- GOAL OF THE EXERCISE -
An exact copy of the listing below is the answer, with the pictures removed.

- THE DATA -
- - - -

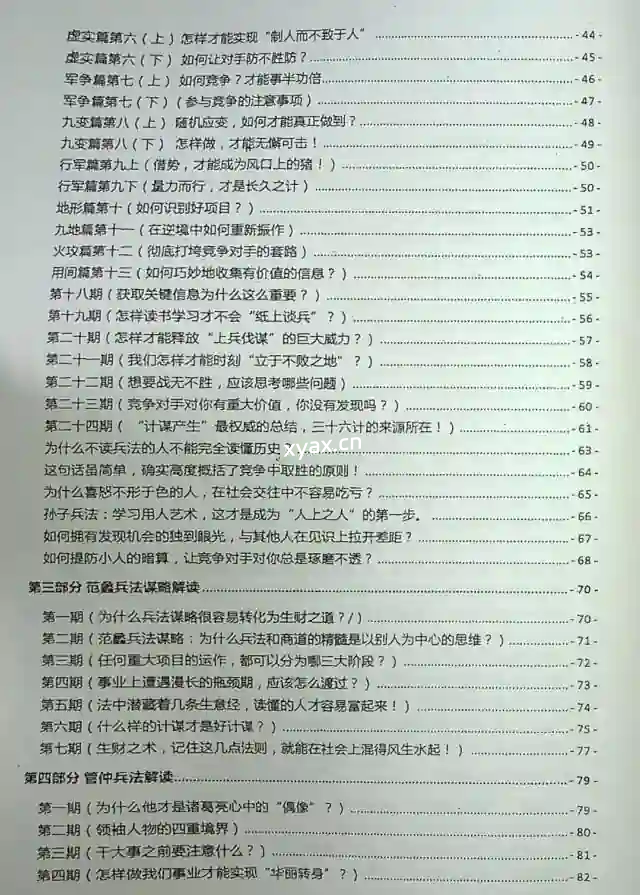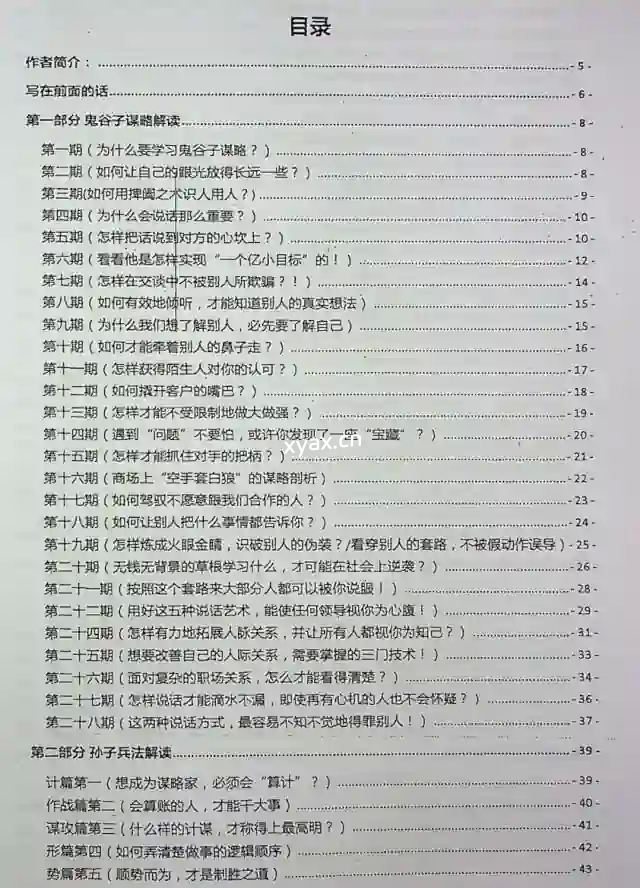 系统地解读姜子牙,鬼谷子,孙子兵法,诸葛亮等谋略经典。助你在短时间内领悟到历代谋略大家的智慧精髓,继承到中华几千年以来积累的精神财富。
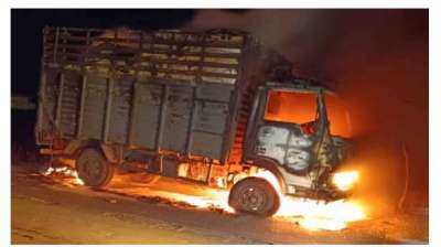 जबलपुर स्टेट हाईवे पर अनाज से भरे ट्रक में लगी आग, घटना से गुबरा गांव में मची अफरा-तफरी
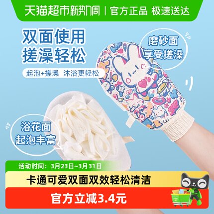云蕾可爱卡通搓澡手套浴花二合一双面双效搓背巾神器沐浴搓泥1只
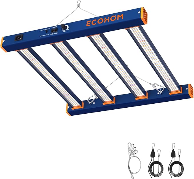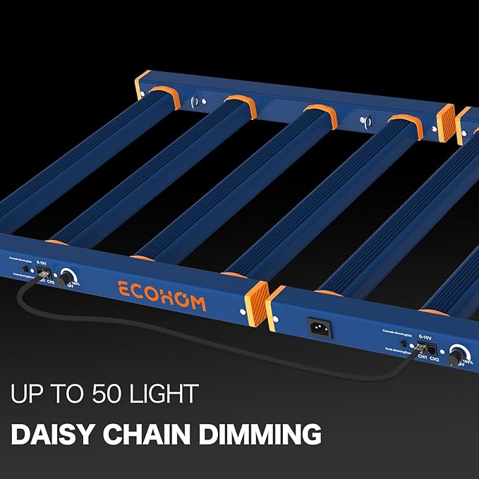 - 【Dimmable & Daisy Chain Design】 Easy dimming, ranging from 0-100% dimming to meet the needs of Plant Growth. giving you full control over the intensity of light for different stages of plant growth. the daisy chain function supports growers to connect up to 25 grow lights to control them dimming at the same time. no need to buy controllers, just use the daisy chain to link all the lights, then dimmable one light , all lights follow. Unfold to use, flexibility for growers in any setting.

- - - -

- REPLY -
 系统地解读姜子牙,鬼谷子,孙子兵法,诸葛亮等谋略经典。助你在短时间内领悟到历代谋略大家的智慧精髓,继承到中华几千年以来积累的精神财富。
 जबलपुर स्टेट हाईवे पर अनाज से भरे ट्रक में लगी आग, घटना से गुबरा गांव में मची अफरा-तफरी
云蕾可爱卡通搓澡手套浴花二合一双面双效搓背巾神器沐浴搓泥1只
 - 【Dimmable & Daisy Chain Design】 Easy dimming, ranging from 0-100% dimming to meet the needs of Plant Growth. giving you full control over the intensity of light for different stages of plant growth. the daisy chain function supports growers to connect up to 25 grow lights to control them dimming at the same time. no need to buy controllers, just use the daisy chain to link all the lights, then dimmable one light , all lights follow. Unfold to use, flexibility for growers in any setting.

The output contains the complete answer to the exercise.